Figure 8. Watershed Segmentation of unharmed lung image (A) enhanced image (B) Colored Watershed Image.

2.3. Post Processing

The post processing consists of extraction the tumor region and calculation of tumor size.

2.3.1. Extraction of Tumor

To detect the tumor region, we take the labeled watershed image as input. First, we removed the very small regions which are noise, and can’t be the tumor. The threshold value for this stage is 400.

Second, the area of each region is calculated, and the area with small region is selected which should be the tumor.

Figure 9 illustrates the extraction of tumor region in a lung image.

Figure 9. Result of tumor extraction of infected lung (A) enhanced image (B) labeled watershed image (C) The tumor region (D) enhanced image overlaid by tumor.

2.3.2. Tumor Area Calculation

The tumor size is calculated by summing the number of white pixel in each region of the tumor region.

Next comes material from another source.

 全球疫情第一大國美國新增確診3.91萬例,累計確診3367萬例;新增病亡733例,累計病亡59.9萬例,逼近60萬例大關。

The results section will include calculation of some tumor areas.

3. Results and Discussion

The results are done on a database from Tishreen-Hospital (Lattakia-Syria). It consists of 10 patients, with 50 CT scan images. The images are from different depth.

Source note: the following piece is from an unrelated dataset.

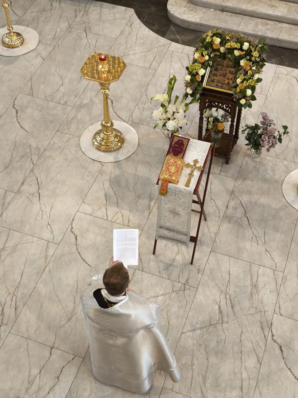 Богослужение совершил клирик храма — иерей Николай Балан, ответственный за духовное окормление в Национальном исследовательском Московском государственном строительном университете.
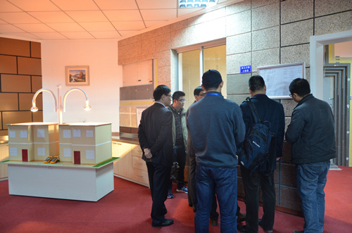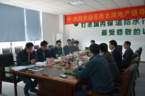 2016年3月16日,,,,,,,,龙湖集团苏南公司工程部总监胡雄伟、招标中心认真人王德伦、工程治理中心认真人黄卫军、工程中心土建司理王学建、研发司理孔蒙一行五人旅行江苏卧牛山公司,,,,,,,,对卧牛山公司的修建保温手艺水平及在施工项目举行旅行考察。。。。。。江苏卧牛山公司董事长、总司理刘志荣、总工程师花海东、副总司理刘和军、副总司理张建新、副总工程师成时亮认真接待并陪同考察。。。。。。 上午10点,,,,,,,,苏南龙湖地产相关向导一行旅行公司之后,,,,,,,,前往手艺中心展厅对公司的手艺水平做更深一步的相识。。。。。。手艺展厅的考察包括旅行保温主材样板、施工样板、外墙涂料样板以及修建保温系统展示墙等,,,,,,,,卧牛山公司总工程师花海东向龙湖地产相关向导周全先容了修建保温多种系统解决计划。。。。。。

Figure 10 illustrates the segmentation of some database samples.

Figure 10. The segmentation of some database samples (A): filtered image (B) The segmented image.

3.1. Tumor Detection Evaluation

The algorithm spends 0.372 seconds approximately to apply preprocessing and 1.77 seconds for marker watershed algorithm, while it takes 0.49 seconds.

The following table includes the result of detection of lung tumor and elapsed time for each phase.

Table 1. Result of detection of lung tumor and elapsed time.

Enhanced image Detected tumor Pr (s) Sg (s) Dt (s)

0.42 1.69 0.56

0.382 1.96 0.56

0.35 1.55 0.47

0.38 1.82 0.55

0.37 1.98 0.4

0.33 1.63 0.41

Note: Pr: preprocessing, Sg: segmentation, Dt: detection.

3.2. Case of Different Depth Images

The database contains images of the same lung region but with different depth. So, we evaluate the designed algorithm on these different depths.

It shows robustness against these criteria.

Figure 11 includes samples of detection results of different depths.

Figure 11. Detection Evaluation in sense of different depths (A): filtered image (B) Watershed segmentation (C) Detected Tumor.

From above we can conclude that detection algorithm works well in different depths.

Table 2 Detection rate of watershed algorithm by using gabor and laplacian filters.

Patient No. No. Images Right detection (Laplacian) Right detection (Gabor)
1 5 5 5
2 5 5 5
3 9 9 7
4 6 6 4
5 6 6 4
6 6 6 5
7 6 6 6
8 7 7 6
9 5 5 4
10 4 4 4

3.3. Laplacian & Gabor Comparative

The results applied on 59 images from 50 images, the laplacian filter approach were better than gabor in detection and segmentation rates.

Table 2 illustrates the detection rate of watershed algorithm by using gabor and laplacian filters.

The gabor filter gives 86.44% detection rate while the laplacian filter gives 100% detection rate.

3.4. Graphical User Interface

We designed a GUI in Matlab to facilitate dealing with Lung detection and segmentation system. GUI is supplied by functions to define tumor’s area and algorithm’s time. The figure 12 illustrates some examples of designed GUI after testing some samples.









Figure 12. Tumor Detection and segmentation results (A, C, E,G): watershed stage (B,D,F,H): Detection, Segmentation and Area calculation.